4. Commissary (and Ghost or Virtual) Kitchens
By now, you’re probably sick of hearing about ghost kitchens, but be prepared to hear different terms and iterations in the future that essentially point to the same thing: the idea that restaurants can use a commissary or arrange kitchen space to make room for higher-volume cooking with less labor, delivery-only food production, expanded catering and/or multiple revenue stream-building.
“Kitchens have always gotten squeezed, but more than ever now the cost per square footage is going up, and it’s getting harder than ever to properly size a kitchen with conventional methods,” says Mikita. “What’s happening is a need to think outside of the box when creating new concepts.” In this case, literally.
Mikita recently worked with a restaurant in California that was hesitant to expand their market. “So, rather than opening a full-blown restaurant during the pandemic 100 miles west, they bought a storefront not in use and put a ghost kitchen in it to offer delivery and takeout in that new area,” he explains. “As revenue started to come in and they built a new customer base, they remodeled and turned it into a restaurant from there.” This is “one clever way” restaurants can expand their reach with low risk without necessarily becoming delivery-only forever, Mikita notes.
Incubator or shared kitchens also play a growing role in restaurant management and development. “Fledging brands can rent some of the space to test menus and start offering food in a certain market through delivery or catering,” Mikita says. “It’s another low-risk model for them.”
Holland-Toll has also seen growth in the merging of two or more brands in the same kitchen space. For example, Inspire Brands, the parent company of Dunkin’, Baskin-Robbins, Arby’s, Buffalo Wild Wings, Jimmy John’s, Sonic Drive-In and Rusty Taco, last year launched Alliance Kitchen, a ghost kitchen that allows customers to order delivery from all seven brands via one brand’s online ordering platform or third-party apps.
“I’m also seeing this at a smaller scale in the Bay Area, with some restaurants producing different menus in the same shared space and being able to really double down on the inventory available,” Holland-Toll says. “I could see more of these kitchens even catering to the delivery drivers, with coffee machines, water-filling stations and restrooms.”
Moeller says commissaries, shared, virtual or ghost kitchens — call them what you will — also help restaurants streamline operations and ensure consistency. “We’re building a commissary right now for a client who has four Greek restaurants, and they had a product being made eight different ways for those four restaurants,” he says. “With the commissary, we’ll be able to centralize 65% of the menu development out of one kitchen, so all the food is always prepared the same way.”

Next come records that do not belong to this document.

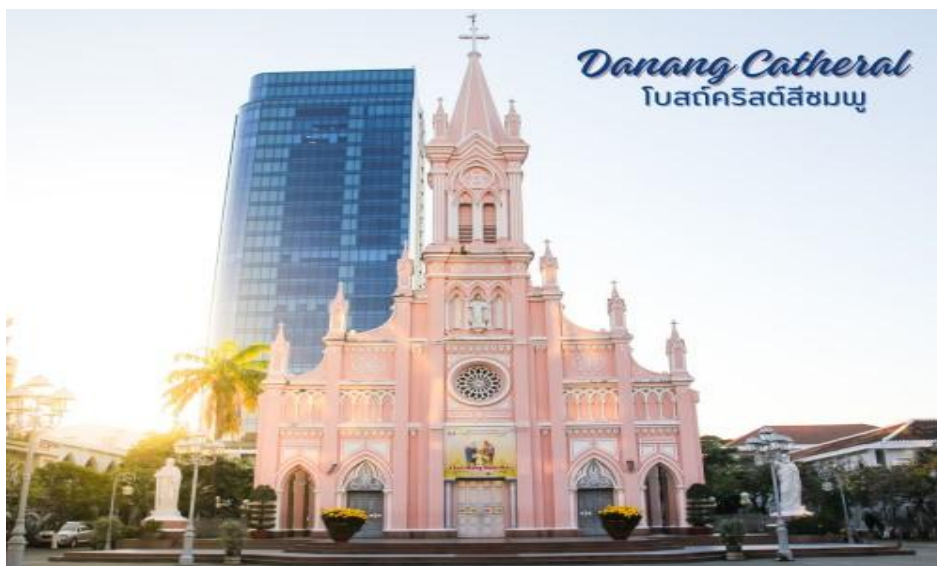
Danang Cathedral โบสถ์คริสต์สิชมพู่

นำท่านแวะ ร้านกาแฟ Palm Beach อิสระในการเลือกซื้อสินค้า กาแฟต่างๆ เช่น กาแฟชี่ชะมัด กาแฟชี่ซ่าง กาแฟดริบ ผลิตภัณฑ์จากกาแฟ เป็นต้น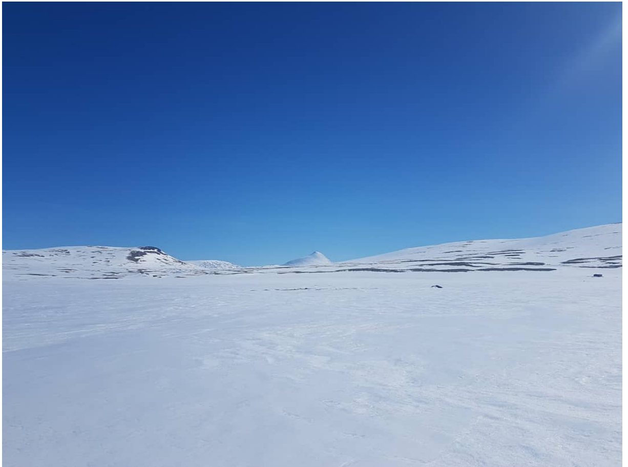
Elgpiggen sett fra Storbekkfatet i Tolga Østfjell.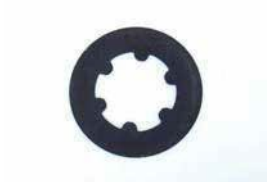
R200 LSD フリクションディスク

①ピニオンオイルシール ¥960 ②サイドオイルシール ¥380/1ヶ ③デフカバーパッキン ¥1,150 ¥1,170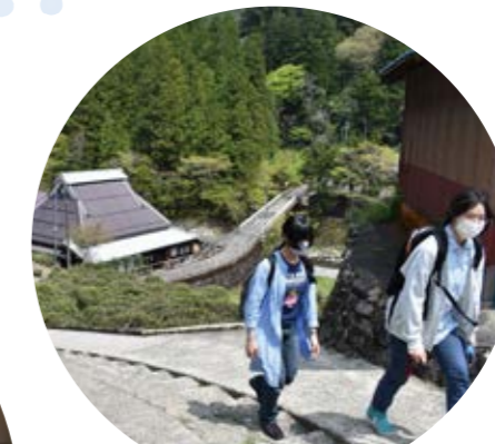
東近江市政所での茶畑の調査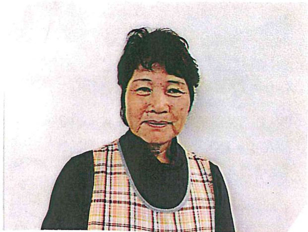
ぶどう。作業後にもかわらぬ。快く写真と撮らせて くださりました。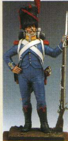
CAR2ET: Carabinier du 2 ème RGT étranger (Isenbourg) 1806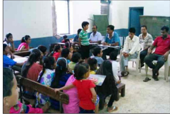
15 अगस्त 2015 को स्वतंत्रता दिवस के अवसर पर कैरम सिंगल तथा वाद-विवाद प्रतियोगिता में बच्चों ने बढ़चढ़ कर भाग लिया ।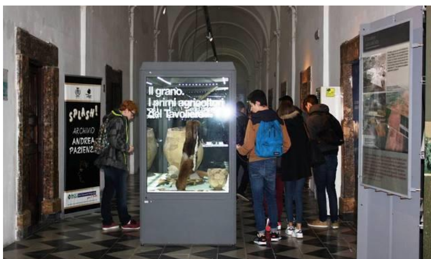
La collezione archeologica del MAT Museo dell'Alto Tavoliere

Visite guidate gratuite alla collezione archeologica, alla Pinacoteca " Luigi Schingo " e a " Splash! Archivio Andrea Pazienza ", centro di documentazione dedicato al celebre fumettista Andrea Pazienza. Le visite sono svolte dagli operatori del Servizio Civile Nazionale e sono indirizzate ad ogni tipo di pubblico: da singoli visitatori a gruppi organizzati, o tipologie di utenti di vario genere.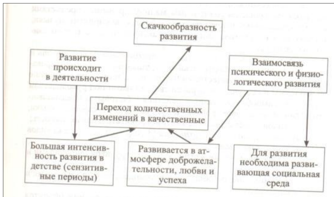
Рис. 1.1 Закономерности развития дошкольника

— подготовка на каждом возрастном этапе условий для освоения новых видов деятельности, форм и способов взаимоотношения со сверстниками, новой социальной позиции (от адаптации к социализации и самоутверждению и индивидуализации). Эти закономерности наглядно можно увидеть на рис. 1.1 «Закономерности развития ребенка».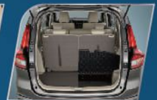
LARGE LUGGAGE CAPACITY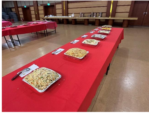
僑陸組準備豐盛餐點及湯圓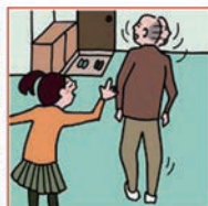
目を離せない家族の見守りなどのケアをしている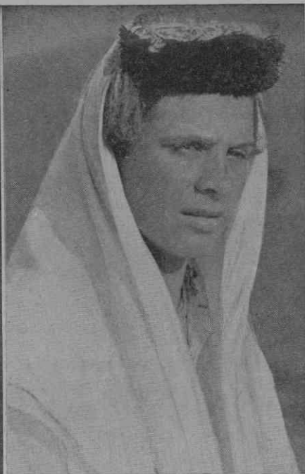
Golubčë (Bosna). Dekle s kapo »Kitalije«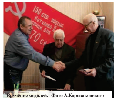
Вручение медалей.

– Отрасли уже 70 лет. В городе все меньше остается тех, кто трудился на заводе и благодаря кому рос и развивался город. Очень приятно, что лермонтовчане отмечены руководством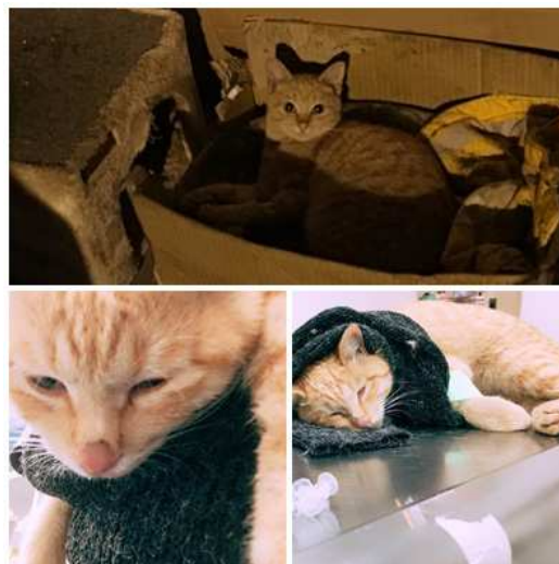
案例 2：王○泯-流浪貓 討厭鬼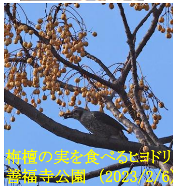
梅枝の実を食べるヒヨドリ 善福寺公園 (2023/2/6)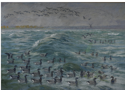
Johannes Larsen: Knortegæs. 1952-1953. Olie på lærred. 200 x 283 cm. Odense Universitetshospital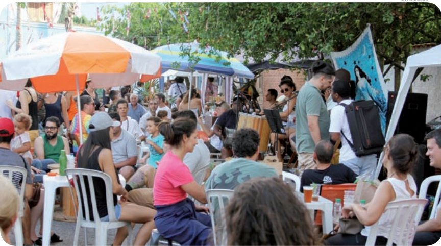
No evento pode-se encontrar muitos presentes para o Natal

Vem aí mais uma edição da 'Feira da Vila'! Ela acontece neste sábado, dia 09 de dezembro, no Bosque da Princesa, das 10h às 21h. A programação está repleta de atrações, incluindo prática de Yoga, música, artesanato, oficinas e até a presença do Papai Noel.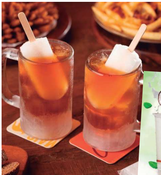
Os mates com limão do Outback e a limonada com coco

Um mix de limão e gengibre, que traz um sabor único e marcante ao chá Matte Leão. Estamos falando do Bold Lime Matte, drink não alcoólico servido no Outback por tempo limitado. Nós provamos e aprovamos a delícia no aniversário da marqueteira da Folha, Marta Corrêa, ocorrido na casa, no dia 7 de março. O drink é finalizado com um picolé de limão, deixando a experiência de se refrescar ainda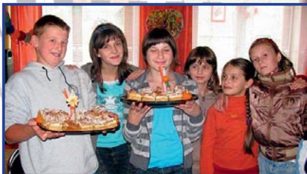
Urodziny w świetlicy Wierchomla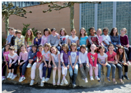
Escuela francesa de Saarbrücken y Dillingen, Alemania

Conceder BECAS ESCOLARES , en función de los recursos, a los niños de nacionalidad francesa escolarizados en los colegios de la red.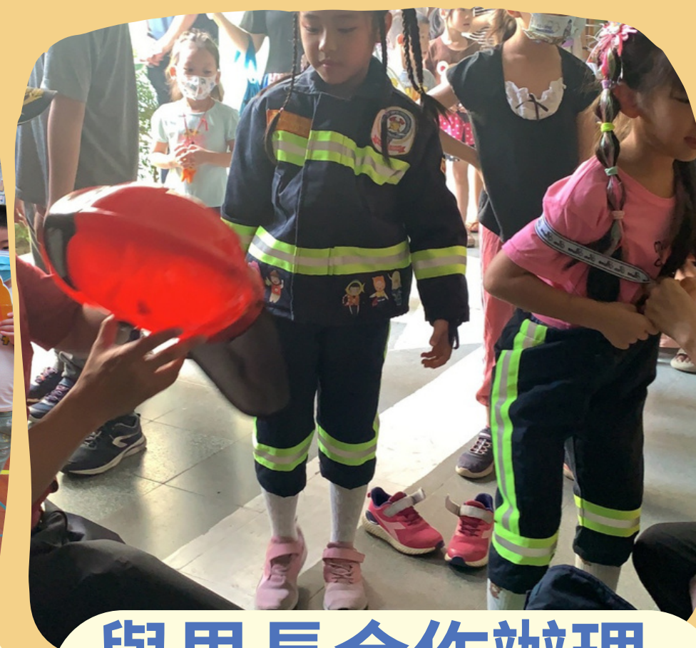
與里長合作辦理 防災體驗營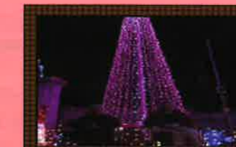
イルミネーションツアーもあります。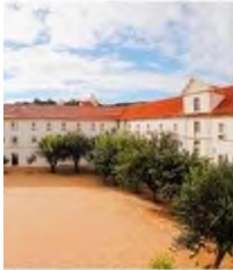
Exterior do Claustro do Rachadouro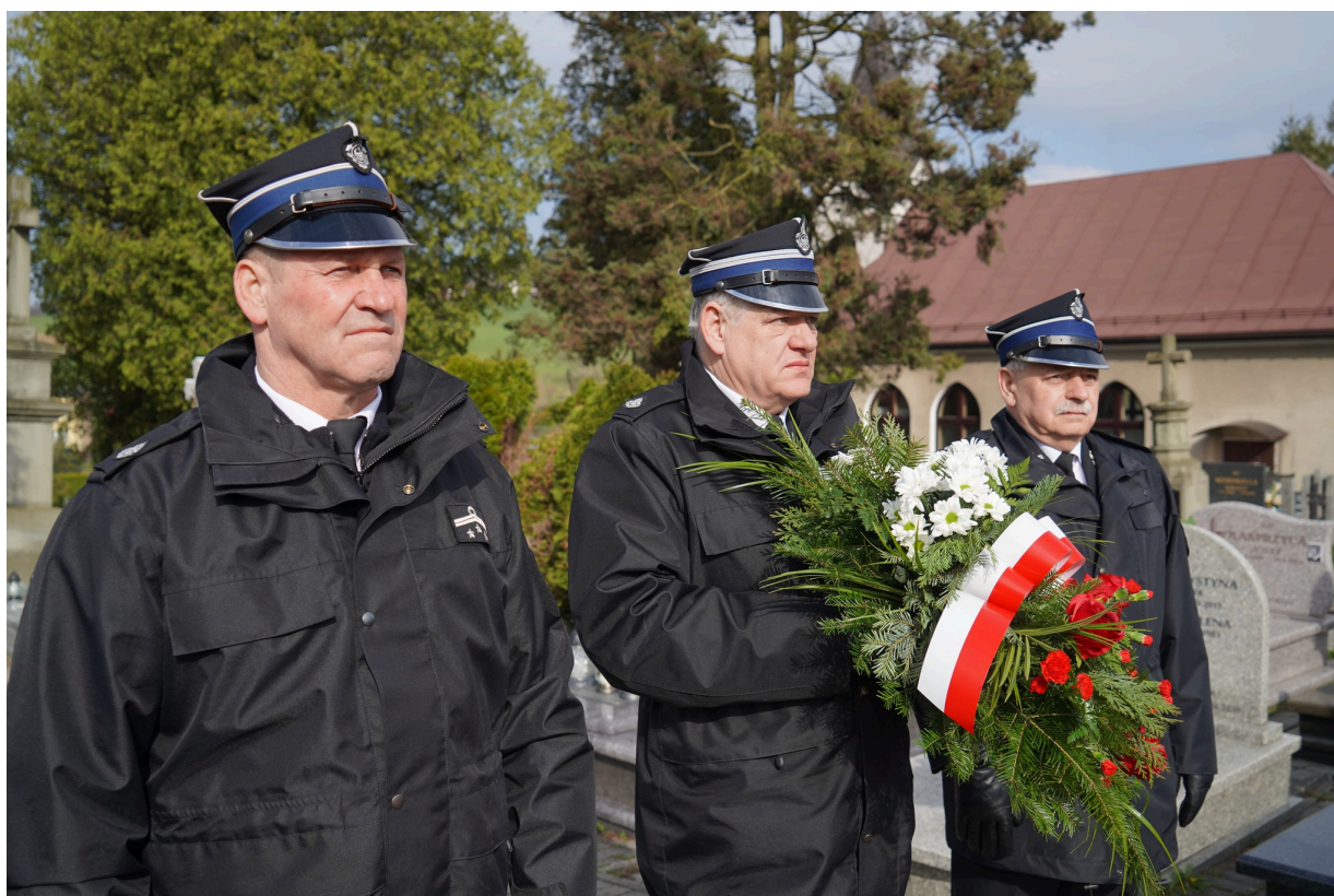
Uroczystość z okazji 55. rocznicy śmierci Zofii Kossak-Szatkowskiej, 5 kwietnia 2023 r. Górki Wielkie.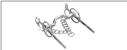
Abb. 36: Liverpool-Kandare mit KK-Conrad-Zungenfreiheit. (Achtung: Muss so angepasst sein, dass die Seitenteile leicht am Maulwinkel anliegen!)

Abb. 33 bis 35: Liverpool-Kandare mit festem, starrem Gebiss und Zungenfreiheit, auch um 90° nach vorn gekippt; mit festen oder beweglichen Seitenteilen und als Pumpgebiss zulässig.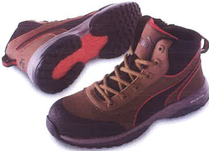
Rapid Brown Mid ZIP ラビッド・ブラウン・ミッド・ジップ No.63.554.0

[6SIZE] 25.0/25.5/26.0/26.5/27.0/28.0 [WIDTH] EEE JAN→P.19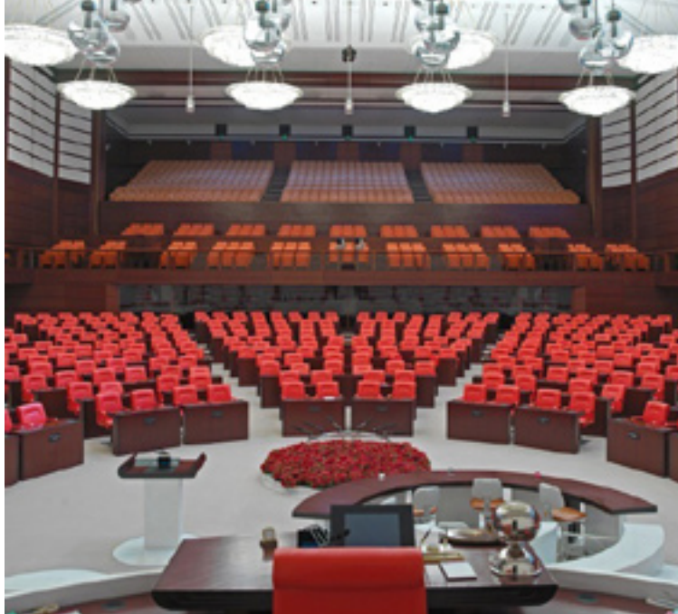
پەرله مانیه تورکيا

پەرله مانیه تورکيا مشهور له سەر ټو ريفورمه دستورويانه دهکات، که (ټکه په) پيشکته شى کردووه ټه مش مشتمريکي زوری له نيوان هيزه سياسييکانو هاولاتياني ټو ولاته دا دروستکردووه، بهراده يک پارتکته ټو ټوړوځان سکالای خوی له (جهه په) (ټوپوزسيون) له پەرله مانیه ټوړوځا توماردهکات، به لام له مکاته دا ټوړوځان داوايکي کونی خوی زيندوودهکاته ټو بۇ گورپنی سيستمی تورکيا بۇ سەر وکایه تی.

The use of a commissary can also help restaurants get better pricing on food and streamline deliveries. “If you grill 1,000 pounds of chicken a week, with a consolidated kitchen, you can buy 1,500 pounds to have a little extra at one shot and have it delivered to one place rather than just buying 200 or 300 pounds here or there,” Moeller adds. “Now you have economies of scale.”
Front of the House Trends
//3877, a Washington, D.C.-based architecture and design firm, shares his thoughts on what’s trending in restaurants when it comes to front-of-the-house and seating design.David Tracz, partner at
Lighting: Today’s LED lights offer more warmth and dimming capabilities than ever before.
Custom millwork: Concrete, steel and industrial materials and fixtures have given way to a rise in natural woods and even luxury vinyl tile meant to look like wood.
Compartmentalized seating: Rather than create permanent dividers, breaking up the dining area by using different types of seating and flow can help create more private areas as well as areas that can be closed off when not in use.
More greenery: Now that consumers are more used to and even prefer dining outdoors, designers are looking to bring a bit of the outdoors back inside for that natural look and energizing feel.
Outdoor: Permanent heaters and seating as well as roll-up doors, windows and roofs that protect against the elements have replaced makeshift tents from the pandemic.